ISLAMABAD, Sept 18: UN agencies in Pakistan have expressed serious concern over the over-exploitation of groundwater resources, particularly by big landlords who use it not only on their lands but also sell it as a commercial commodity.
The concern arises from the fact that even as admitted in official documents there are an estimated 500,000 tubewells in Pakistan. These are expected to mushroom to 680,000 by 2010, given the speed at which big landlords are installing them after having obtained subsidy on electricity.
What is more, big landlords are installing tubewells to sell water and mint money. The indiscriminate suction of water has emptied the aquifers of sweet water in many areas of Punjab, Sindh and Balochistan.
“One of the worrying aspects is that not only over- exploitation but a great deal of underground water resources is being wasted,” said a UNDP recent report.
Agriculture, which uses almost 93-95 per cent of water, loses about half of this amount before it reaches the farmgate. The industry uses about 3 per cent and there too is a great wastage. Besides, the industry releases effluents which in turn reduces fresh water quantities.
Another UN agency, the World Food Programme, has urged the urgency of media campaigns to highlight the importance of water conservation. In many parts of the country, it said, “water resources are still not managed efficiently and the waste lies in stark contrast to the hugely pressing needs of the poor in other places who have to walk for miles to fetch every day.”
In its report, Unesco has stressed as “crucial” the need for a firm commitment by the government about the possibility of formulating rules to support the institutional framework for an adequate and sustainable groundwater management.
Such political commitment, it added, would facilitate the identification of external funding source.
The report has particularly drawn attention to Balochistan where exploitation and urban water supply have increased tremendously in the past decade.

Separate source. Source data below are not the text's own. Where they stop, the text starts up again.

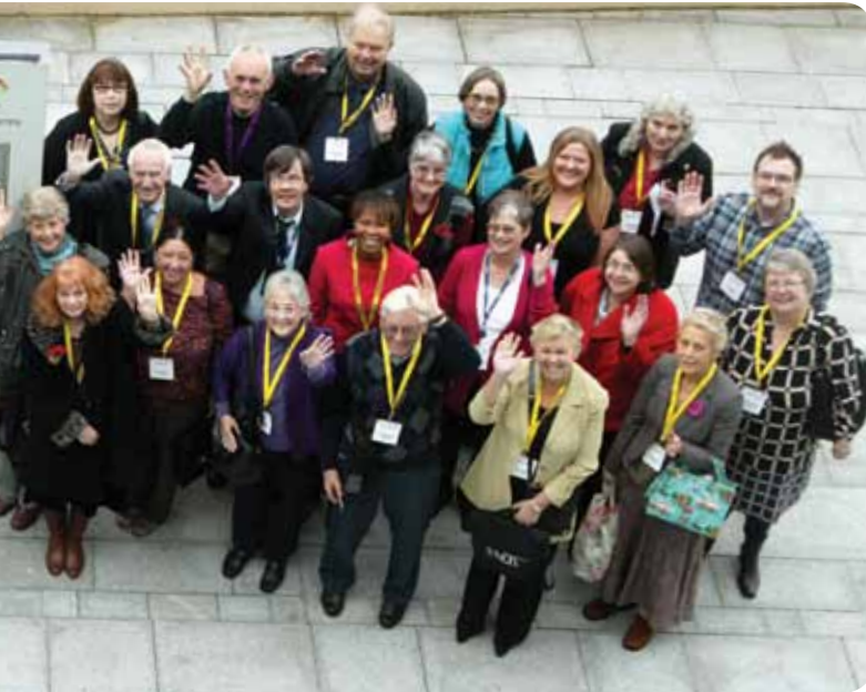
Patients and carers to attend the annual NCRI Cancer Conference

Research Network involve consumers in the development and delivery of research. Consumers, in this context, are defined as ‘patients, carers and members of the public whose lives have been affected by cancer’.
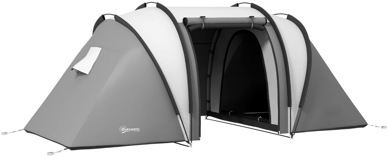
Description: This image shows the Outsunny family camping tent from the front, highlighting its grey and white design and overall structure.
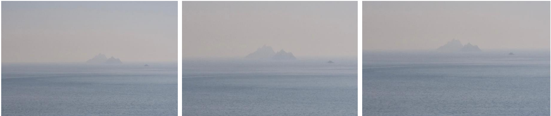
Sequence from Outhere : 30min HD Single Channel, 2023

Outhere is a combine exhibition of moving image, drawing, painting and structure. The premise is one where the artist, (in performative persona), leaves the mainland of his native county, rows out beyond the Great Skellig to uncover the mathematical equation, he believes, is hidden in the contours of the islands. Once deciphered, he is convinced this equation will define Ireland. The failure of his journey is the interest.
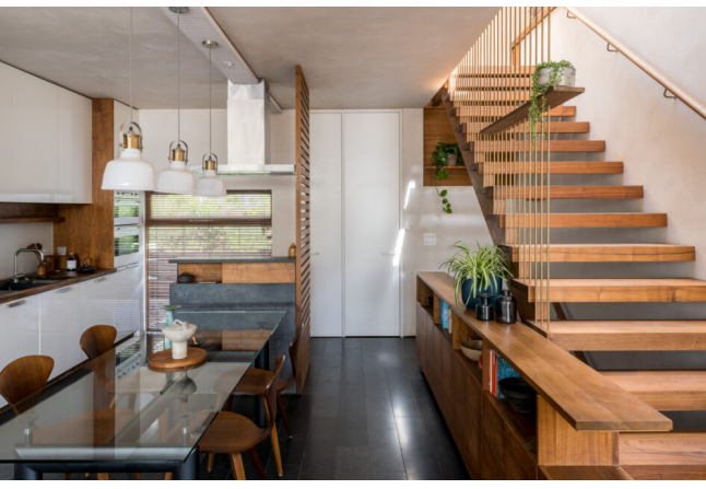
London, North London
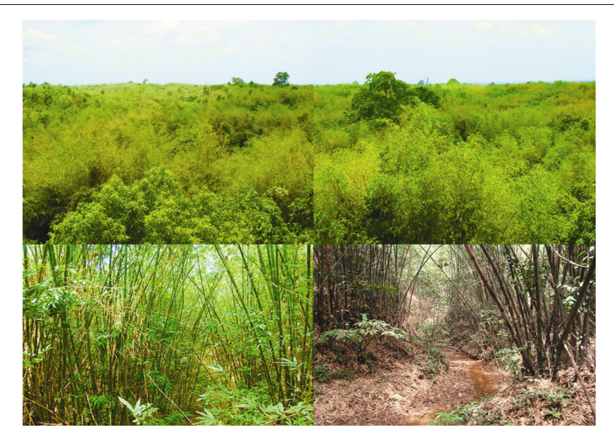
Figure 1. Bamboo invasion in the core area of Trishna Wildlife Sanctuary, Tripura, North East India.

been invaded by M. baccifera. It was also observed that only few seedling and saplings surviving in the forest gap that have been invaded by M. baccifera. In the absence of woody tree species regeneration, this area can develop into a bamboo forest. From a dietary point of view, a bamboo-dominated forest cannot provide foraging requirements of the primates. Moreover, in the absence of adequate number of trees, their activity can also be hampered. In a recent study from the lowland tropical wet forests of Costa Rica, reduction in the primate population was reported in the absence of adequate woody trees<sup>12</sup>. Therefore, the need of the hour is to control the existing and stop further bamboo invasion in TSW to conserve the globally threatened primate species. We propose two strategies to control bamboo invasion: (i) clear felling in heavily dominated bamboo sites and to plant primate preferred tree seedlings, and (ii) develop selective felling in a five-year cycle to control further bamboo invasion and for sustainable utilization of existing bamboo resources.
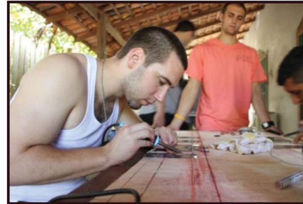
Assembling solar panels
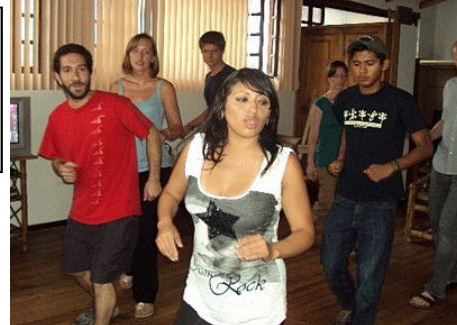
A free salsa class for students each week

During April we have also been busy organizing a change-over in accounting. We have contracted the services of an external accounting firm, e-Valora, who will take charge of our accounts as from May. We hope that this move, although it involves extra cost to Yanapuma, will provide us with a reliable and professional service that will help us grow in the coming years.
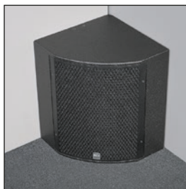
Corner mounting of QRI-108S/ST

Intensive groundwater extraction, particularly for irrigation of orchards as well as the provision of domestic supply for Quetta city, has caused a continuous decline in water levels in order of two to four metres per year in the main extraction areas.
Consequently, traditional water extraction schemes, like karezes and dug wells, have dried up and tubewells have to be deepened to secure adequate yield for irrigation purposes.
The adverse effects of over-exploitation of groundwater resources are particularly severe during periods of low rainfall. In addition to critical shortages of water for domestic supply, insufficient availability of irrigation has damaged perennial plantations such as orchards and to substantial economic losses.
Groundwater extraction at the present rate obviously exceeds the renewable volume of groundwater, with there being no effort to curb the installation of new tubewells. What is more, this is encouraged as the governments bows to the interests of the big landlords in granting indefinite subsidy on power supply.
In response to a request from the government, the Director- General of Unesco approved special funds for fielding a technical mission to investigate the causes of drought in Balochistan and recommend strategies to overcome the problem.
Unesco Division of Water Sciences, in consultation with the UNDP, Islamabad, and experts of FAO and WFP, fielded the two- member mission to Pakistan in September 2000, which held a series of consultative meetings with officials of the federal and provincial governments.
The mission proposed a five-year pilot and demonstration project which envisaged undertaking in depth field investigations, evolving and installing institutional and technical setups for sustainable water management in Balochistan.
In the light of these investigations, a number of measures were recommended to the government.
Meanwhile, UNESCO has been in touch with specialists involved in the strategy of communication with agriculturists and received suggestions for the implementation of the project.
Unesco, while calling for a political commitment for sustainable groundwater management, particularly in Balochistan, has suggested that Pakistan strengthen the national committees of the two Unesco-based relevant intergovernmental programmes: the International Hydrological Programme and Man and the Biosphere.